I sell copies of the genuine IH service manuals, if interested, drop me. pM with your e mail address for further details!!


----------



## cochran (Jul 14, 2004)

The model #A490002B000519


----------



## cyrush (Apr 20, 2010)

Regretably, cant confirm it is specifically a 354 but the build code is a Bradford tractor so 354 or 444, identical tractors apart from engine HP !!

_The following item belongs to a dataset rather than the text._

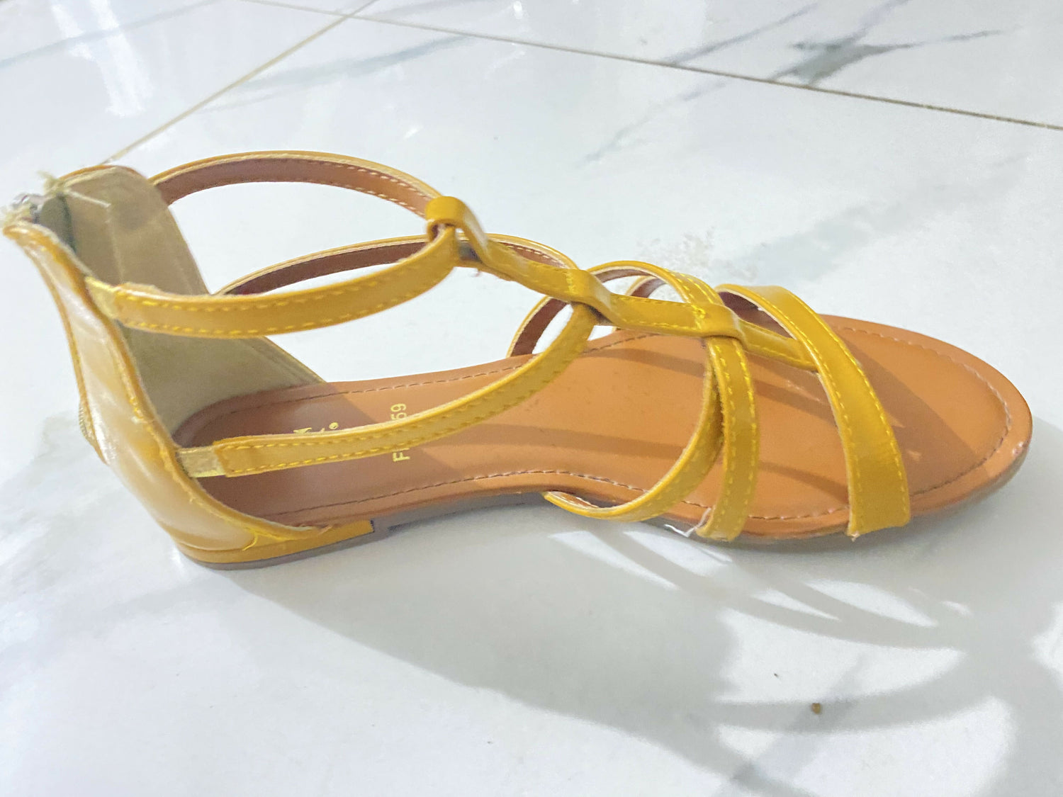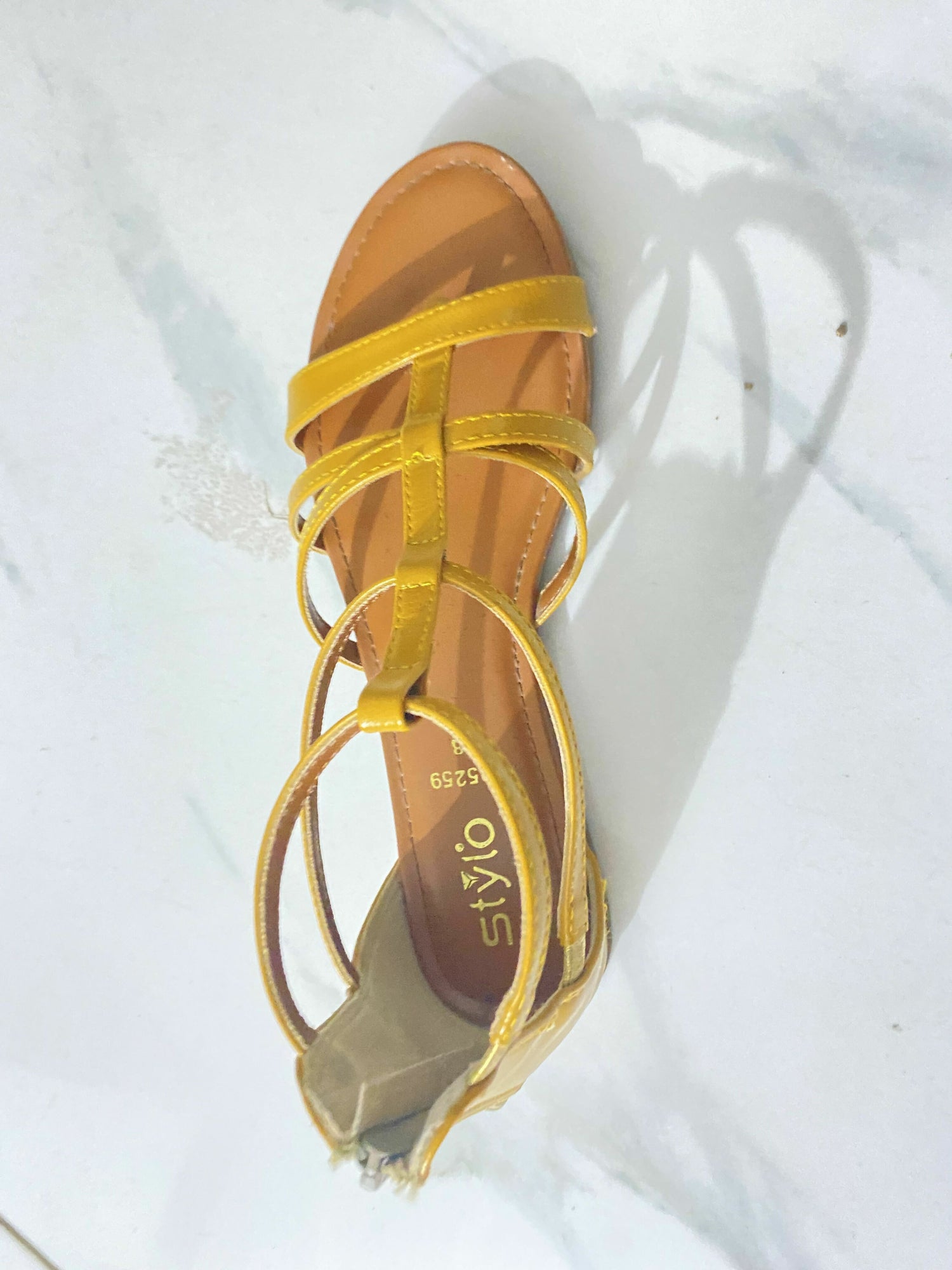 Bright and fashionable open-toe sandal designed by Stylo. Features a multi-strap pattern in vibrant yellow, a flat sole, and a back zipper for secure fitting. Ideal for casual summer outings or everyday wear.

It is an early serial no, all serial no runs start at 501 !!!


----------



## Potluck Farms (Sep 13, 2021)

Hi, we are in the exact same circumstance now here in 2021. We have the model number (very similar number to the posting listed on here) and info but not the serial number for the IH 354 we purchased. Can you please include the information on where to obtain the replacement bearings and assorted pieces without having to purchase a whole new gear box? We have been chasing down many avenues and have had no luck. Thank you so much!


----------



## pogobill (Jan 31, 2012)

Schematic, Manuals, Specifications and Diagrams for Chassis, transmission gears and shafts | Case IH | MyCNHi US Store


Find schematics, manuals, specifications and diagrams for CHASSIS, TRANSMISSION GEARS AND SHAFTS. Find genuine OEM parts for your needs.




www.mycnhistore.com




This may give you some insight into parts, or perhaps numbers to cross reference.


----------



## FredM (Nov 18, 2015)

Most bearings and seals are made and supplied by outside manufacturers and should have their brand name and part number on them, you take these to a bearing and seal shop and if there are no numbers, then the counter person will measure the dimensions of bearing or seal and let you know if they can supply.

Sometimes bearings and seals may be specially made and then you have to go genuine, and that is "ouch".


----------